Welcome to the fourth part of my Sidekiq in Practice email series. This email series is intended to be a "missing manual" for running Sidekiq in production, a guide to all the little details of running and scaling our beloved background job framework. I hope you're all finding it useful. I'm really enjoying your comments and questions as well - please do remember that you can reply directly to any of my emails to contact me.
This week's email is about SQL database connection pools.
This email is available as markdown/Github Gist here:
Links to previous emails in this series are at the end.
Database connection pools. Everybody's favorite setting to forget about.

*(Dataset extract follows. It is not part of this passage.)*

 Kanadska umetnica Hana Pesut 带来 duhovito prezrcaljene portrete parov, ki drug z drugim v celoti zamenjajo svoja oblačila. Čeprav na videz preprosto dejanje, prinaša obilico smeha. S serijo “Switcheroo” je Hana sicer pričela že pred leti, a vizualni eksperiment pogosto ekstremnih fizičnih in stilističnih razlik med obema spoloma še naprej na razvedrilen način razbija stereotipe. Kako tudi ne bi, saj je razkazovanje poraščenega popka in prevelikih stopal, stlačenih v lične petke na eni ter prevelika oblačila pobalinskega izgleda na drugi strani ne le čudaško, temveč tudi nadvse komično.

I had a client a while back whose entire Sidekiq installation had been brought to the ground - jobs taking 30+ seconds, throughput nearing zero - all because their database connection pool size was set to the old Rails default of 5 and their Sidekiq concurrency was the default 25.

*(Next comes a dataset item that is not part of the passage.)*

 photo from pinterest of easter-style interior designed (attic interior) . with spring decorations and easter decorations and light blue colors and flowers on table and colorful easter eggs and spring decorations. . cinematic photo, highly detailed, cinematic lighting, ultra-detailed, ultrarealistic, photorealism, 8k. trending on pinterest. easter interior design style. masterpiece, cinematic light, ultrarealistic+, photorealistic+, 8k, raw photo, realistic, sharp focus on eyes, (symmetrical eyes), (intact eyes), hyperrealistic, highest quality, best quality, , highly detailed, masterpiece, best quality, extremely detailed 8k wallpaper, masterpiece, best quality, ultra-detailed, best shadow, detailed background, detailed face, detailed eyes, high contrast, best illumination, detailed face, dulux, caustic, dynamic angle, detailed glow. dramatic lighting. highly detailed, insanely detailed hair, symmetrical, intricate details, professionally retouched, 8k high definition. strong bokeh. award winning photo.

Database connection pools are really confusing for people because you have to manage database connections at 4 different levels:
- At the database
- At each server/dyno
- Per Ruby process (this is where the ActiveRecord "pool" setting takes effect)
- Per thread.
Let me talk a bit about each level.
First, there's the database. We have just one SQL database in most setups. A database can only handle so many connections. Generally, over 500 connections, things start to slow down if the server doesn't have enough CPU resources. Heroku, for example, enforces a 500 connection limit on all of their database plans.

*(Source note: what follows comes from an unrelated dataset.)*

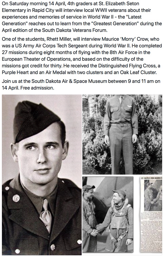 National News Bomber against the Third Reich: Maurice Crow at Ellsworth Museum April 14 by Brad Ford • April 1, 2018 • 0 Comments More photos and story in Black Hills Faces Magazine Share this:FacebookX

The reason Heroku has a connection limit is because idle database connections are not free, and they want you to use a database connection pooler at the dyno level to reduce idle connection count. I've seen benchmarks showing that a MySQL database with 1000 idle connections is 1% as fast as a database with just 1 idle connection - it's that bad! Of course, more CPU resources means more of an ability to handle lots of idle connections.
What does a connection pooler actually do? Let's go down a level to a single server to find out.
Connection poolers manage our database connections on a per-dyno basis. I'm going to use pgbouncer, the popular postgres pooler (ha!), as an example but all database engines have similar projects. Pgbouncer is a proxy for database connections. It sits between your Ruby processes and your database.
Most pgbouncer deployments, such as the Heroku pgbouncer buildpack, run an instance of pgbouncer on each of your servers. All of it's settings, therefore, are on a per-server basis (there is no "awareness" of what's going on in other servers).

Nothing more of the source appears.